*** Opening Data for this exercise ***

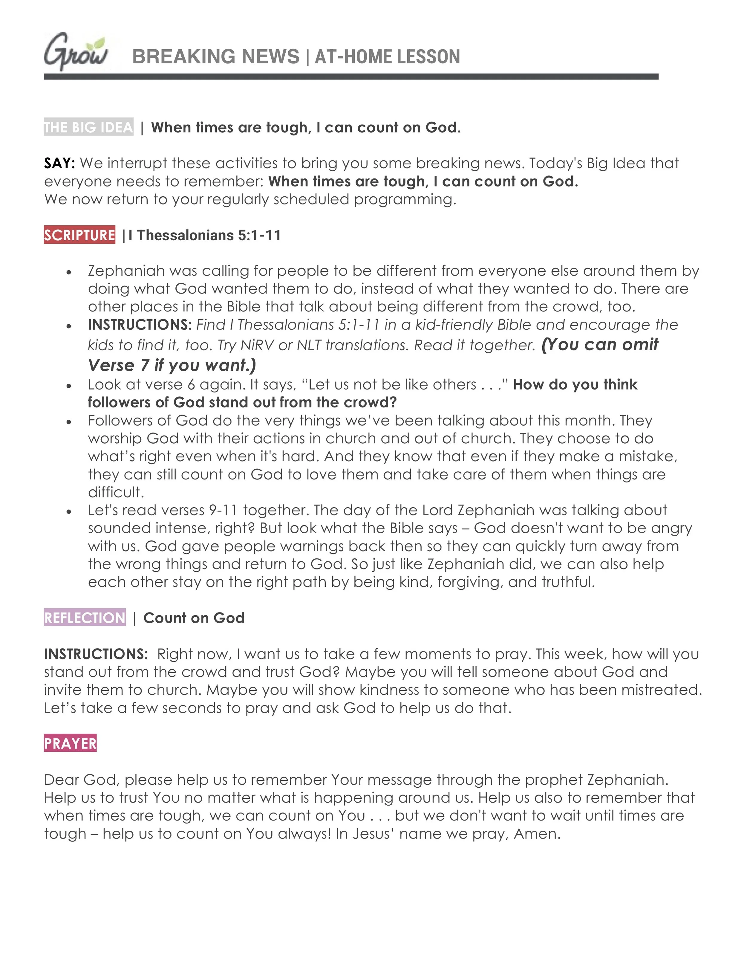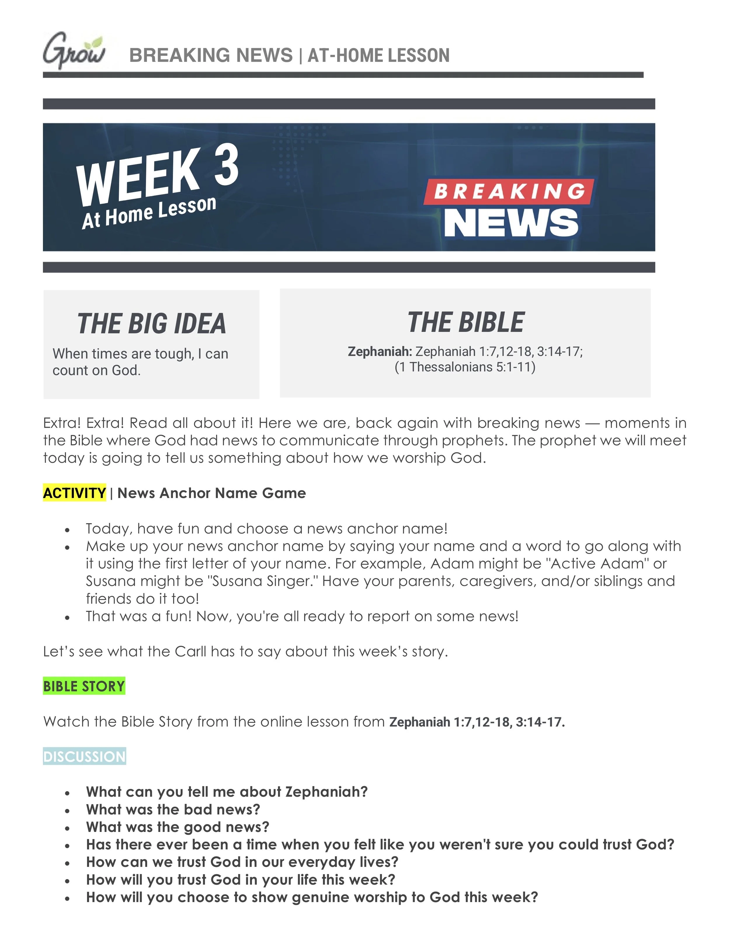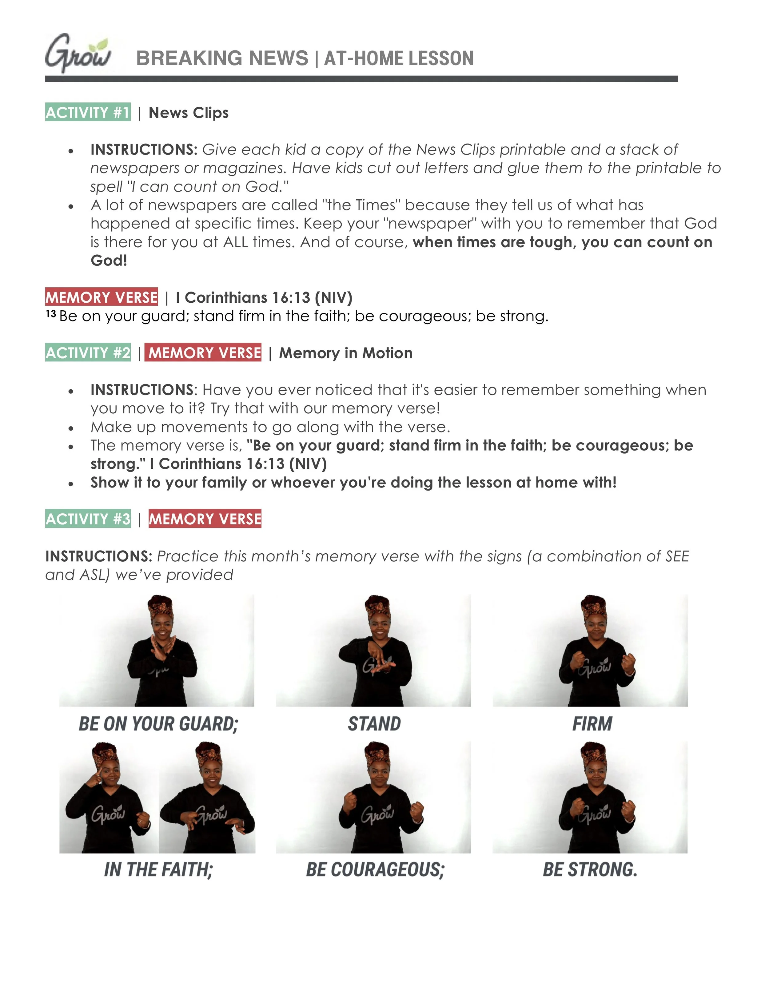 Each week we have a lesson that accompanies our videos. Below is a copy of a lesson you can do at-home to better explore the Big Idea, scripture, and monthly memory verse. You can also download the document, as a whole, below the pictures.
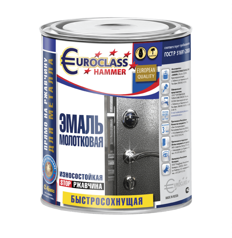 Эмаль алкидная EUROCLASS молотковая шоколадная 0,4 кг (53-374) придает поверхности декоративный эффект, имитирующий удары молотком чеканку. Эмаль декоративная с молотковым эффектом образует покрытие, устойчивое к воздействию атмосферных факторов: воды, УФ-излучения, резких перепадов температур, а также соленой воды и минерального масла. Скрывает мелкие неровности и дефекты окрашиваемой поверхности, обладает превосходной адгезией.
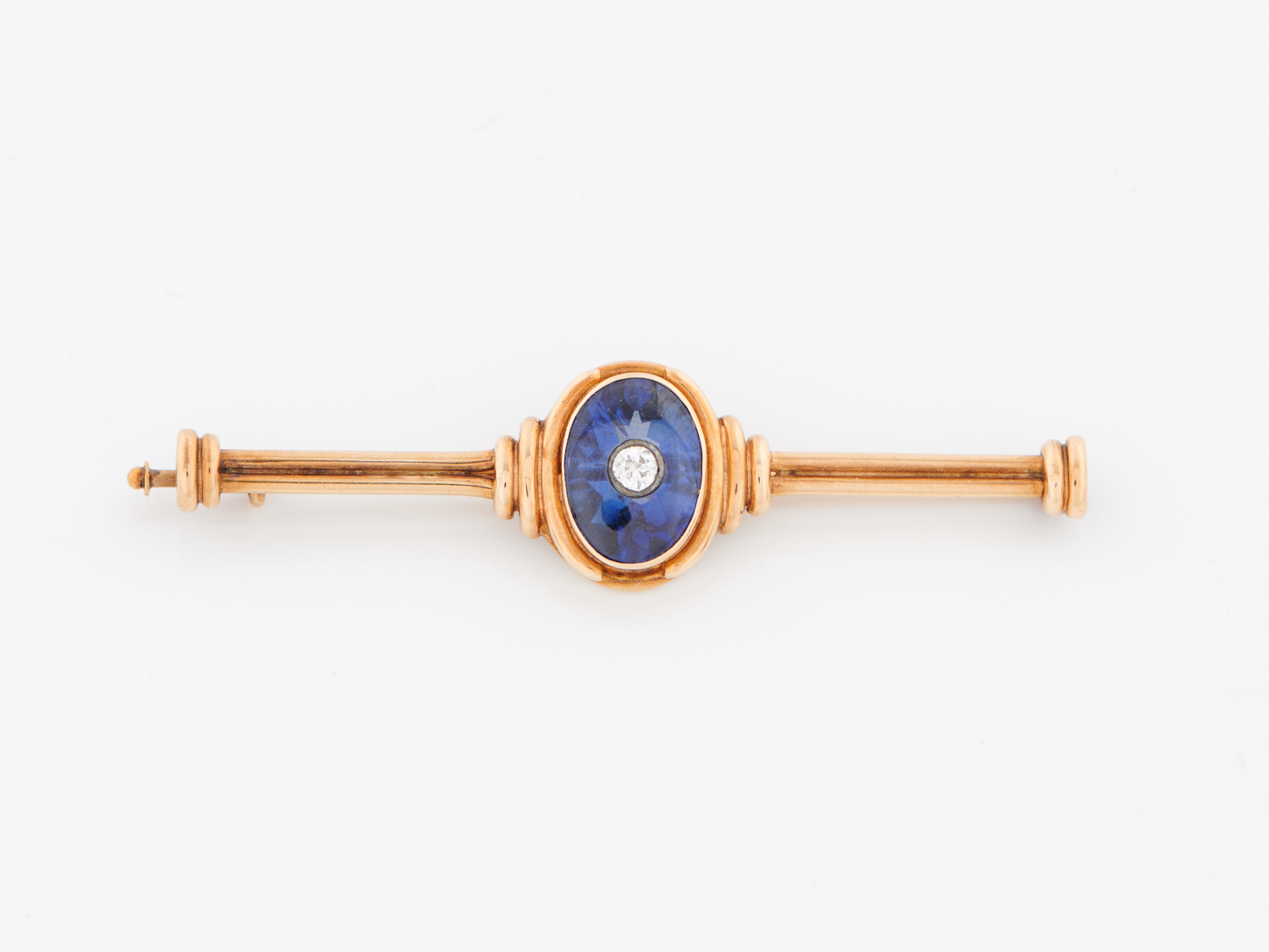 A DIAMOND AND SAPPHIRE BROOCH IN 14CT GOLD, APPOXIMATELY 65MM, 11.0GMS
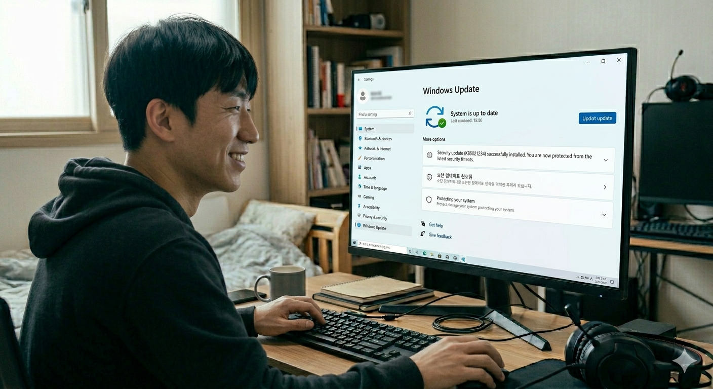 보안 업데이트를 설치하며 안심하는 사용자의 모습
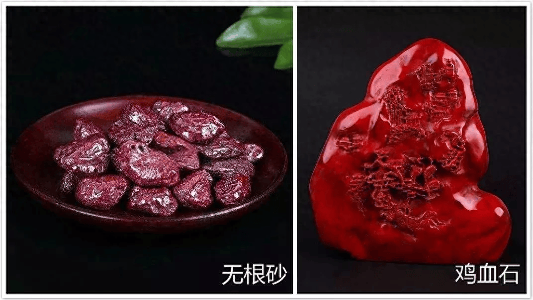 在朱砂原矿里,有无根砂、鸡血石,它们有稀有的颜色或形态,纯度也高,只要简单的打磨,就可以很美丽,在市面上十分受欢迎,值得收藏。
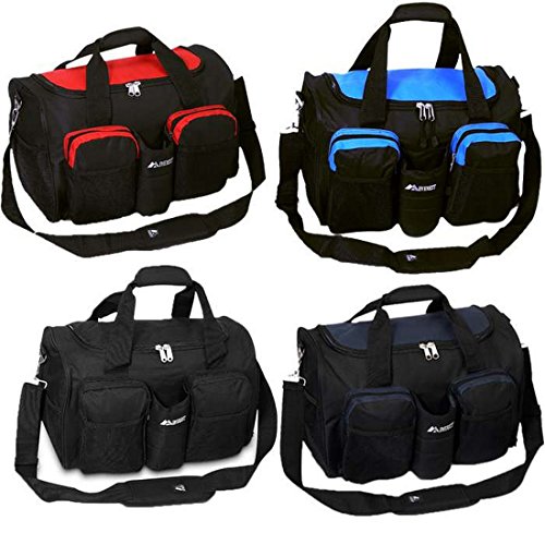 -. Brand : Bagiva -. Department : unisex-adult -. Feature : Available Colors: Red, Royal, Navy, Black, A stylish sports duffel bag with a special side pocket for shoes or wet gear. / Extra spacious main compartment with zippered clamshell opening. Two front zippered pouches. / Side mesh pocket. Bottle holder (squeeze bottle optional). Adjustable padded shoulder strap. / Velcro close handles. Material 600D Polyester. Dimension 18 x 11.5 x 10.5 in / Capacity 1950 in3 / 32 L, Weight 2 lbs 8 oz / 1.1 kg, Everest Design -. ProductGroup : Apparel -. ProductTypeName : LAGE -. Title : Bagiva Athletic Duffle With Shoe Pocket Travel Gear Lage Sports Gym Bag
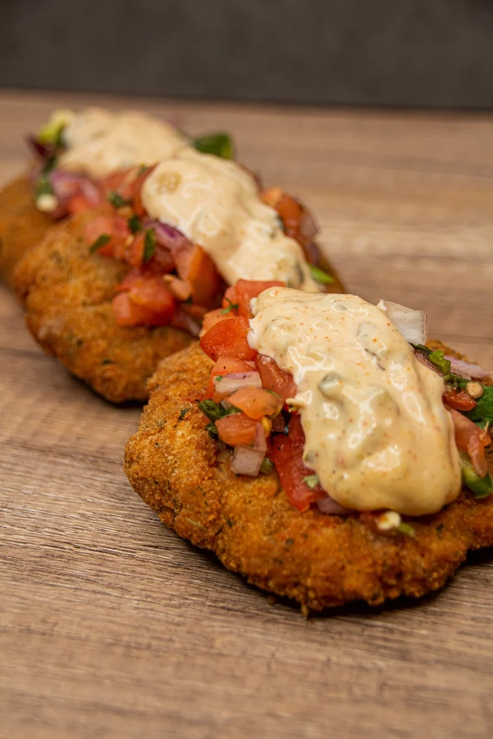 Homemade crab cakes topped with fresh pico de gallo, and our creamy remoulade sauce.
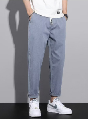 2025 한국식 남자 캐주얼 바지 봄 새로운 느슨한 플러스 사이즈 스포츠 바지 스트레이트 드로스트링 작업 바지 남자스토어 가기
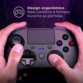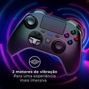 Seu design ergonomico proporciona firmeza e conforto mesmo nas sessoes mais longas, enquanto os dois motores internos de vibracao elevam a imersao com feedback tatil realista, ideal para jogos de acao, aventura e esportes. O Touchpad integrado e a iluminacao gamer acrescentam modernidade e funcionalidade ao controle, tornando o setup ainda mais completo.
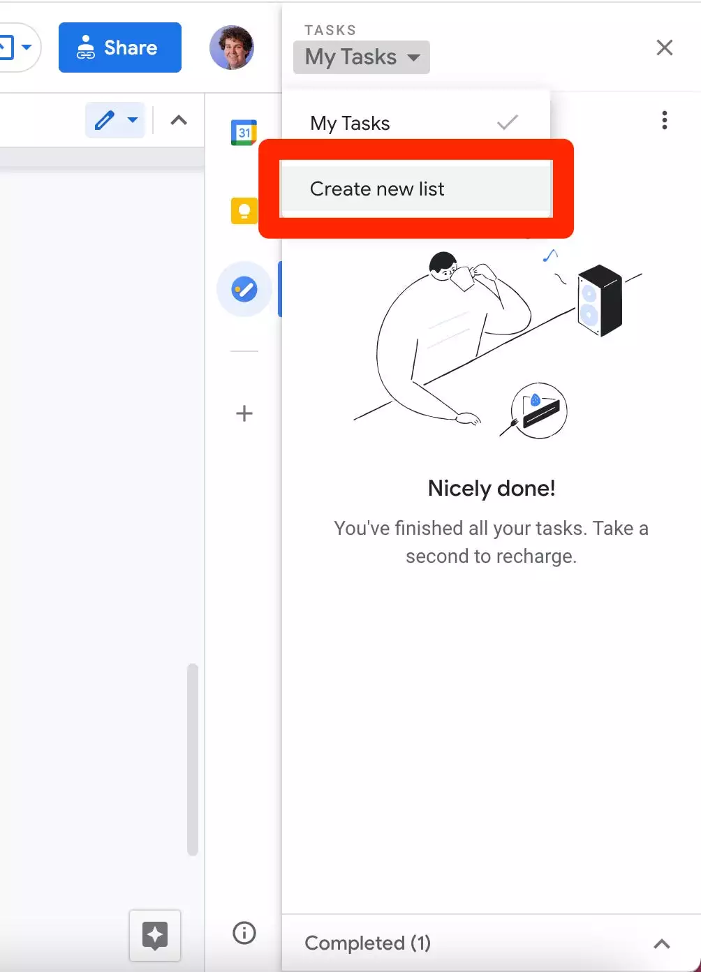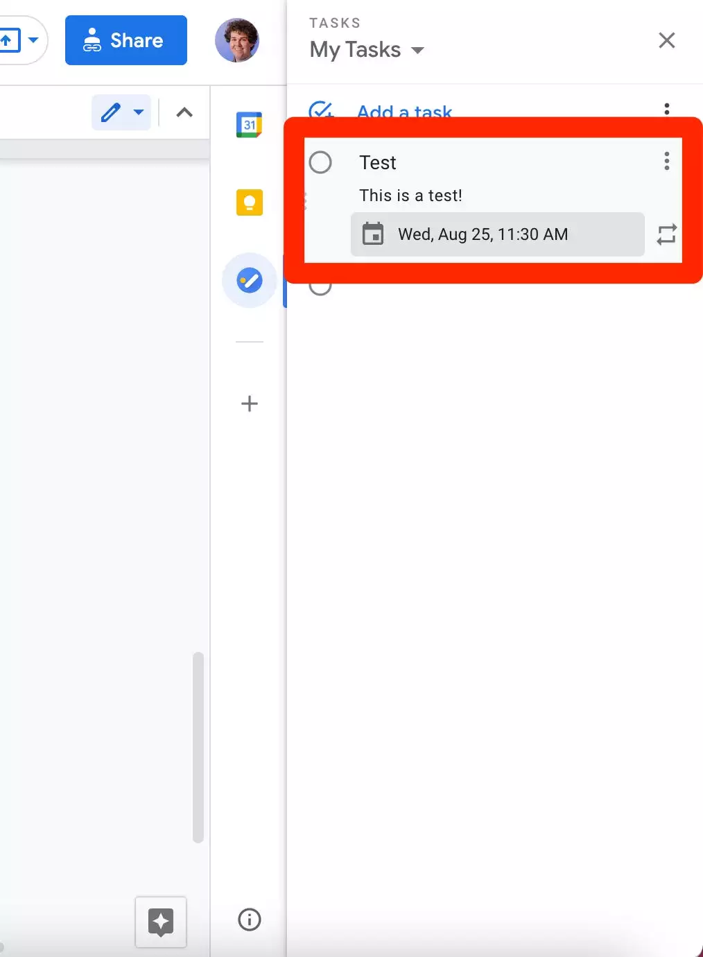 但是,在计算机上,Google Tasks 只是其他应用程序的附加组件 谷歌应用. 当您使用 Google Workspace 应用程序(包括 Gmail、Google 日历、Google 云端硬盘等)时,请点击屏幕右侧的“任务”图标。
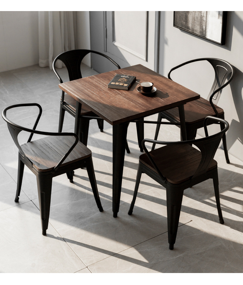 Bàn ăn gỗ nguyên khối nhà hàng hiện đại quán cà phê lưới – BGCF-798 – Mã sản phẩm BGCF-798. Bàn ăn gỗ nguyên khối nhà hàng tối giản hiện đại quán cà phê lưới gió công nghiệp Mỹ kết hợp bàn ghế sắt rèn
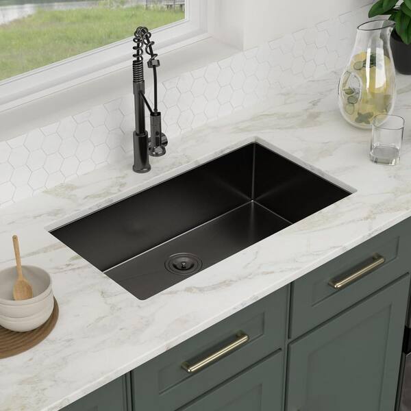 30 in. Undermount Sink Single Bowl 18-Gauge Gunmetal Black Stainless Steel Kitchen Sink with Bottom Grids
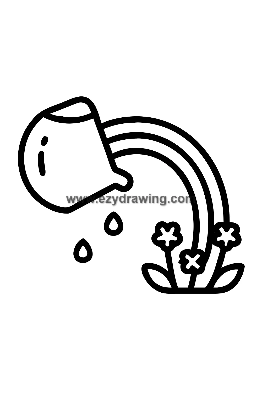Simple cute watering can drawing with water pouring from the spout and a tiny rainbow forming in the water droplets, small flowers growing where the water lands, nurturing and magical. Kawaii garden magic style with simplified classic watering can shape, curved spout with droplet stream, tiny rainbow arc in the mist of droplets, small blooms appearing on ground below where water falls. White background with clean black line art and soft green watering can with rainbow droplets and colorful small flower coloring. Easy drawing style suitable for kids. Small text 'ezydrawing.com' in bottom corner of image.

*** Closing Data for this exercise ***

Work to be completed
If a record contains a picture, leave the picture out; repeat the record itself exactly.

Reply
 Each week we have a lesson that accompanies our videos. Below is a copy of a lesson you can do at-home to better explore the Big Idea, scripture, and monthly memory verse. You can also download the document, as a whole, below the pictures.
 Эмаль алкидная EUROCLASS молотковая шоколадная 0,4 кг (53-374) придает поверхности декоративный эффект, имитирующий удары молотком чеканку. Эмаль декоративная с молотковым эффектом образует покрытие, устойчивое к воздействию атмосферных факторов: воды, УФ-излучения, резких перепадов температур, а также соленой воды и минерального масла. Скрывает мелкие неровности и дефекты окрашиваемой поверхности, обладает превосходной адгезией.
 A DIAMOND AND SAPPHIRE BROOCH IN 14CT GOLD, APPOXIMATELY 65MM, 11.0GMS
 보안 업데이트를 설치하며 안심하는 사용자의 모습
 在朱砂原矿里,有无根砂、鸡血石,它们有稀有的颜色或形态,纯度也高,只要简单的打磨,就可以很美丽,在市面上十分受欢迎,值得收藏。
 -. Brand : Bagiva -. Department : unisex-adult -. Feature : Available Colors: Red, Royal, Navy, Black, A stylish sports duffel bag with a special side pocket for shoes or wet gear. / Extra spacious main compartment with zippered clamshell opening. Two front zippered pouches. / Side mesh pocket. Bottle holder (squeeze bottle optional). Adjustable padded shoulder strap. / Velcro close handles. Material 600D Polyester. Dimension 18 x 11.5 x 10.5 in / Capacity 1950 in3 / 32 L, Weight 2 lbs 8 oz / 1.1 kg, Everest Design -. ProductGroup : Apparel -. ProductTypeName : LAGE -. Title : Bagiva Athletic Duffle With Shoe Pocket Travel Gear Lage Sports Gym Bag
 Homemade crab cakes topped with fresh pico de gallo, and our creamy remoulade sauce.
 2025 한국식 남자 캐주얼 바지 봄 새로운 느슨한 플러스 사이즈 스포츠 바지 스트레이트 드로스트링 작업 바지 남자스토어 가기
 Seu design ergonomico proporciona firmeza e conforto mesmo nas sessoes mais longas, enquanto os dois motores internos de vibracao elevam a imersao com feedback tatil realista, ideal para jogos de acao, aventura e esportes. O Touchpad integrado e a iluminacao gamer acrescentam modernidade e funcionalidade ao controle, tornando o setup ainda mais completo.
 但是,在计算机上,Google Tasks 只是其他应用程序的附加组件 谷歌应用. 当您使用 Google Workspace 应用程序(包括 Gmail、Google 日历、Google 云端硬盘等)时,请点击屏幕右侧的“任务”图标。
 Bàn ăn gỗ nguyên khối nhà hàng hiện đại quán cà phê lưới – BGCF-798 – Mã sản phẩm BGCF-798. Bàn ăn gỗ nguyên khối nhà hàng tối giản hiện đại quán cà phê lưới gió công nghiệp Mỹ kết hợp bàn ghế sắt rèn
 30 in. Undermount Sink Single Bowl 18-Gauge Gunmetal Black Stainless Steel Kitchen Sink with Bottom Grids
Simple cute watering can drawing with water pouring from the spout and a tiny rainbow forming in the water droplets, small flowers growing where the water lands, nurturing and magical. Kawaii garden magic style with simplified classic watering can shape, curved spout with droplet stream, tiny rainbow arc in the mist of droplets, small blooms appearing on ground below where water falls. White background with clean black line art and soft green watering can with rainbow droplets and colorful small flower coloring. Easy drawing style suitable for kids. Small text 'ezydrawing.com' in bottom corner of image.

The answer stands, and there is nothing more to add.